1. A reinforced insulation transformer, in which a secondary winding is wound on a primary winding so that the primary winding and the secondary winding have a stacked structure and satisfy a reinforced insulation criterion,

wherein each of the primary winding and the secondary winding includes a conducting wire and an insulation outer layer that surrounds the conducting wire, and the insulation outer layer of the secondary winding has more layers or a greater thickness than the insulation outer layer of the primary winding.

2. The reinforced insulation transformer of claim 1, wherein the secondary winding includes the insulation outer layer that is composed of a plurality of layers to satisfy a withstand voltage of a basic insulation criterion.

3. The reinforced insulation transformer of claim 2, wherein the insulation outer layer of the secondary winding has a triple layer.

4. The reinforced insulation transformer of any one of claim 1, wherein a lead-out portion of each of the primary winding and the secondary winding is surrounded by an insulating tube, and the lead-out portion is adjacent to a pin.

5. The reinforced insulation transformer of claim 4, wherein the insulating tube includes a Teflon tube.
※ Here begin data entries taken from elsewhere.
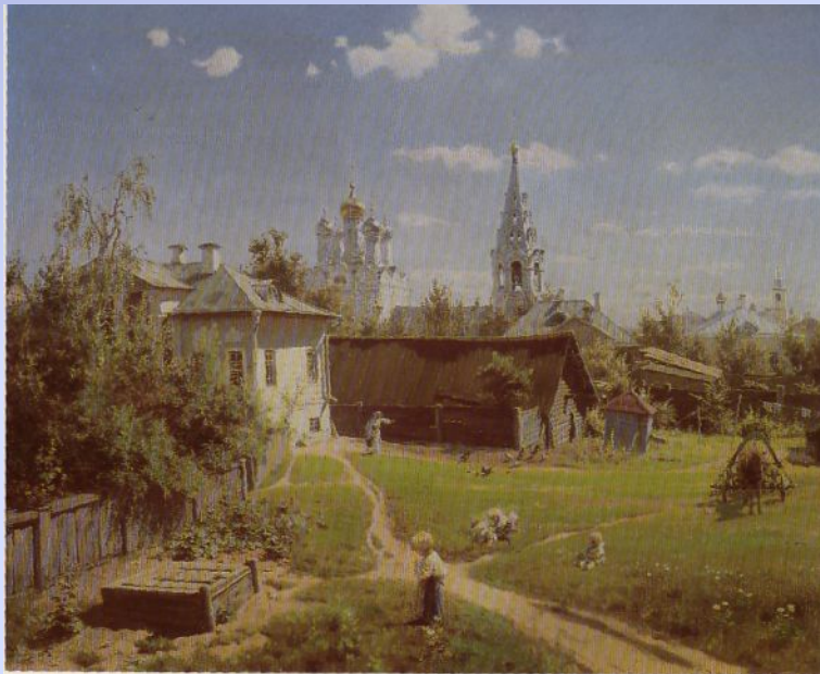
Поленов В.Д. Московский дворик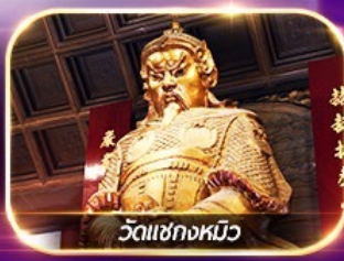
วัดเซ่งก้งหนิว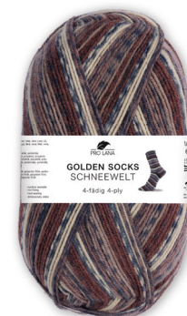
Farbe Nr. 512.07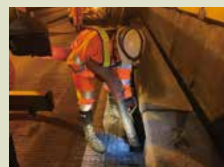
集水ます清掃作業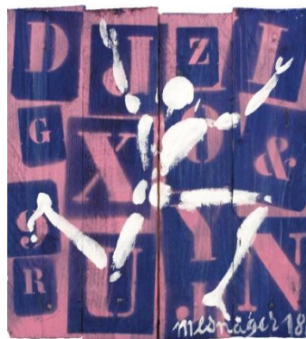
La Vie En Rose, 2018, Acrylique sur bois, 35 x 31,5 cm

En janvier 1983, Jérôme Mesnager invente l'Homme en blanc, « un symbole de lumière, de force et de paix ». Cette silhouette blanche appelée Corps blanc ou l'homme blanc, il l'a reproduite à travers le monde entier, des murs de Paris à la muraille de Chine. Un véritable tour du monde : des géants de Ménilmontant à la Place Rouge de Moscou, les personnages articulés sont partout !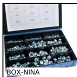
BOX-NINA Ecrus autofreinés - DIN985, Coffret d'écrous acier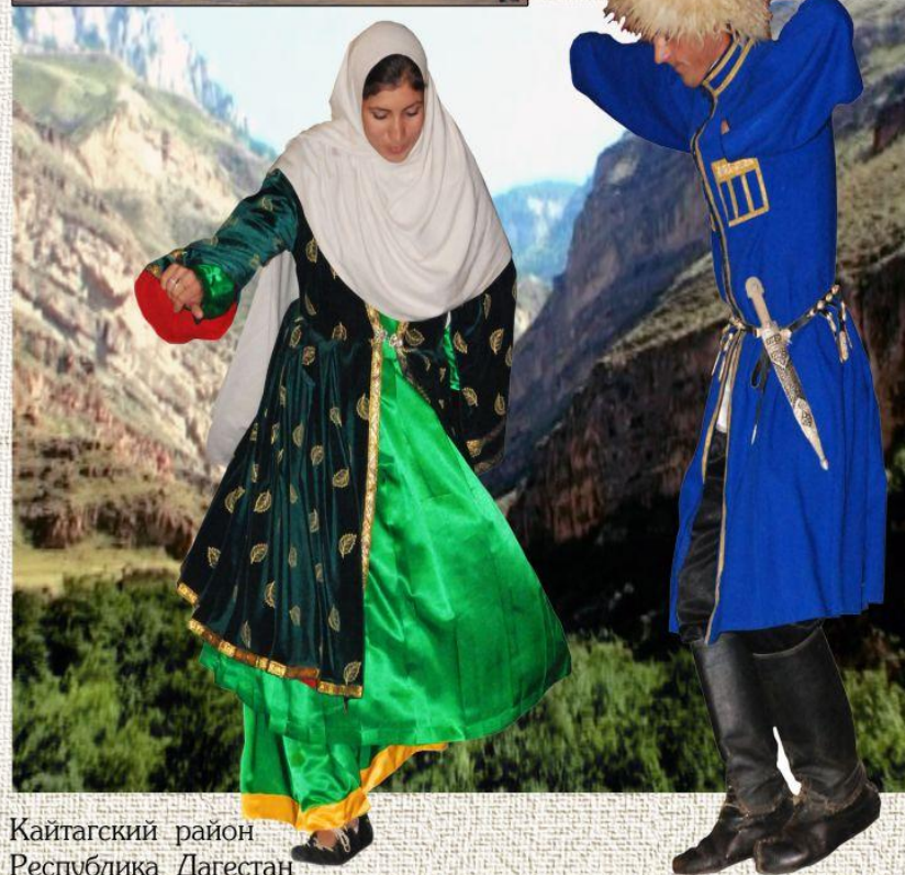
Кайтагский район Республика Дагестан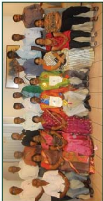
சப்போ நிழல்கிகள் நிறுவனத்தின் முத்தமிழ்ப் பாவல் மன்றம் ஏற்பாடு செய்து விருந்தளித்து வழங்கிய விழாவிൽ பாவலர்களுடன்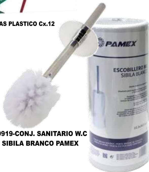
19919-CONJ. SANITARIO W.C SIBILA BRANCO PAMEX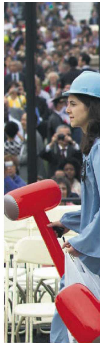
Licenciados de la escuela de Ingeniería de la Universidad de Columbia durante la ceremonia de graduación.

A pesar de todo, la situación en general en Europa, en cuanto a una posible burbuja universitaria, no es comparable a la estadounidense, pues los precios de las carreras son, en general, mucho menores, exceptuando algunas escuelas de negocio muy caras, recuerda el experto en educa-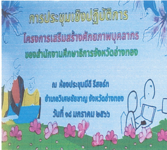
รูปภาพกิจกรรมที่ 1

10. ภาพกิจกรรมที่เกิดขึ้นภายในโครงการ / กิจกรรม (ที่สื่อถึงการดำเนินการสู่ความสำเร็จ จำนวน 5 ภาพ ขนาด file เท่ากับหรือมากกว่า 2 MB)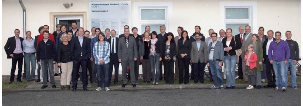
Grillfest in der „Stufe 1“ des Wissenschaftsparks Osnabrück

B ereits seit einem Jahr besteht die sogenannte „Stufe 1“ des Wissenschaftsparks Osnabrück. Bei einem Grillfest mit den 13 dort ansässigen Unternehmen griff Oberbürgermeister Boris Pistorius besonders den Fortschritt bei der Entwicklung des Wissenschaftsparks Osnabrück insgesamt auf.

6. The reinforced insulation transformer of any one of claim 4, wherein a total barrier distance of each of the primary winding and the secondary winding is smaller than a separation distance of the reinforced insulation criterion.

7. The reinforced insulation transformer of claim 6, wherein the total barrier distance of each of the primary winding and the secondary winding is within a range of separation distances that satisfy the basic insulation criterion.

8. The reinforced insulation transformer of any one of claim 1, wherein the reinforced insulation transformer is included as a configuration of a power supply for an inverter.

9. The reinforced insulation transformer of any one of claim 6, wherein the insulation outer layer of the secondary winding has more layers than the insulation outer layer of the primary winding.

10. A design method of a reinforced insulation transformer in which a primary winding and a secondary winding form a stacked structure and a reinforced insulation criterion is satisfied between the primary winding and the secondary winding, the design method comprising:

forming the primary winding by winding; and

forming the secondary winding by winding on the primary winding,

11. The design method of claim 10, further comprising surrounding a lead-out portion of each of the primary winding and the secondary winding by an insulating tube, wherein the lead-out portion is adjacent to a pin.